Report Shows Disproportionate L1B Denial Rate for Indian Nationals07 Apr 2015
In the United States, immigration laws typically are designed to provide U.S. companies with the tools necessary to compete and even thrive in the modern day global business environment. One such tool is the L1B nonimmigrant category, which ostensibly was created to allow multinational companies to transfer overseas employees with specialized knowledge and skills to related companies (e.g., affiliates, subsidiaries) in the U.S. In recent years, however, it has been well-publicized that the U.S. Citizenship and Immigration Services (USCIS) has been interpreting the L1B regulations unevenly and, in many cases, rather strictly, making it harder and harder for businesses to rely on the L1B category.
So, when the National Foundation for American Policy (NFAP), a nonprofit, nonpartisan organization dedicated to public policy research, released a report in March 2015 showing that the denial rate for L1B petitions has continued to skyrocket in recent years, the news was discouraging, but hardly surprising. This report, which is based on data obtained from the USCIS via Freedom of Information Act (FOIA) requests, uncovers another unsavory fact, though: the USCIS appears to be treating L1B petitions filed on behalf of Indian nationals far more critically than those filed for foreign nationals from any other country. [See L-1 Denial Rates Increase Again For High Skill Foreign Nationals, NFAP March 2015 Policy Brief, by National Foundation for American Policy, March 2015.]

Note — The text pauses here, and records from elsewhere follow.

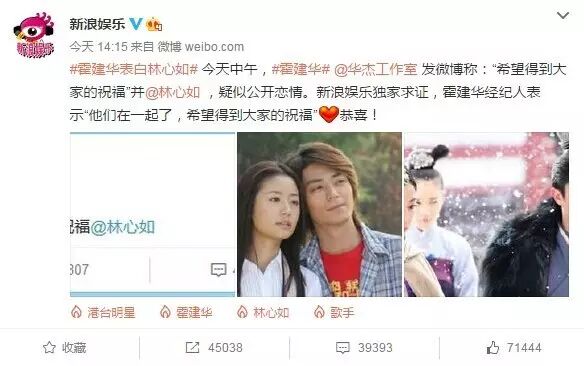 林心如工作室也在第一时间承认了两人已经在一起,并称希望得到大家的祝福。
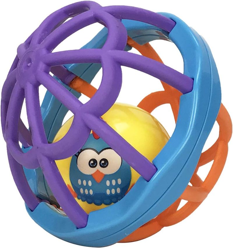 Chocalho em formato de bola, colorido para atrair a atenção do bebê para a brincadeira • Internamente possui bola com desenho da Galinha Pintadinha Mini que faz sons de chocalho • Possui estrutura macia, que pode ser utilizada como mordedor para ajudar a acalmar e aliviar a gengiva do bebê no crescimento dos dentes
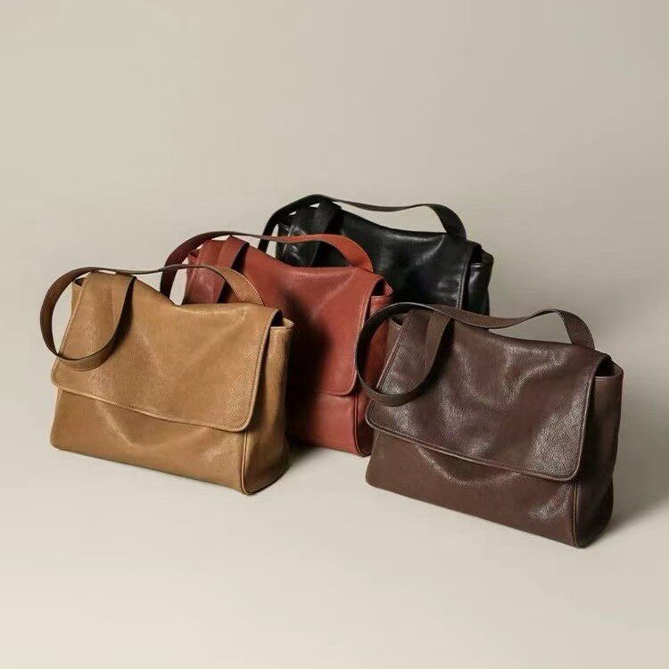 简约翻盖邮差包女复古百搭通勤大容量头层植鞣牛皮包

As recently as 2006, the overall denial rate for L1B petitions was six percent. By fiscal year 2008, however, more than 20 percent of all L1B petitions filed were denied; and, by the end of 2014, the denial rate had ballooned to 35 percent. This exponential increase of L1B denials by the USCIS is troubling enough, especially considering the fact that no new regulations were issued over that timeframe that should have impacted how these cases were being adjudicated. But, this record-high rate of denial is hardly being borne equally across the globe. Rather, as highlighted in the NFAP report, if you remove petitions filed on behalf of Indians from the equation, the overall denial rate plummets to 13 percent. That is because the rate of denial for Indian nationals from fiscal year 2012 through fiscal year 2014 was an astounding 56 percent!

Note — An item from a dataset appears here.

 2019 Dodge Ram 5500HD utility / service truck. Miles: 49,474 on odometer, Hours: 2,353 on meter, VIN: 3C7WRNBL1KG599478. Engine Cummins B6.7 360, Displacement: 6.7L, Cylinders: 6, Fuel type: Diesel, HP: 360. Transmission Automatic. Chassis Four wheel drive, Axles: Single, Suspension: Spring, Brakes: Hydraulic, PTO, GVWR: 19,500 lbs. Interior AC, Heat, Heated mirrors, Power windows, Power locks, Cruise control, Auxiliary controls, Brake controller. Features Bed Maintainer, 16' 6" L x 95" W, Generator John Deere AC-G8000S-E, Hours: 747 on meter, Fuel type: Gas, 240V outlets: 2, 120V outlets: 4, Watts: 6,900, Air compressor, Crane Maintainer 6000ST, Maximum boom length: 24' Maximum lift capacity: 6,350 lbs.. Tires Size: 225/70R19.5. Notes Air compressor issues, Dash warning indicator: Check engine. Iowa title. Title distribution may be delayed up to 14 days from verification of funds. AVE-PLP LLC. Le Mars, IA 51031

To be clear, even the 13 percent denial rate non-Indians faced for L1B petitions is far too high. There have long been complaints about the vague rules and regulations provided by the USCIS with regard to these cases. So, it was a relief to see that, on March 24, 2015, the USCIS finally unveiled a draft policy memorandum on the L1B classification that is intended to clarify what USCIS officers should be looking for when adjudicating these petitions. There is some expectation that this memo may help to provide more certainty to the process and make it easier for businesses to understand what evidence and information to submit to obtain approvals. But, the memo does nothing to address the enormous disparity in denial rates between those L1B petitions filed on behalf of Indian nationals and those filed for everyone else.
The United States is renowned for being a champion of fairness and justice; therefore, the NFAP should be applauded for its continued efforts to expose these alarming trends. The Murthy Law Firm is exploring ways of further addressing these concerns with the USCIS.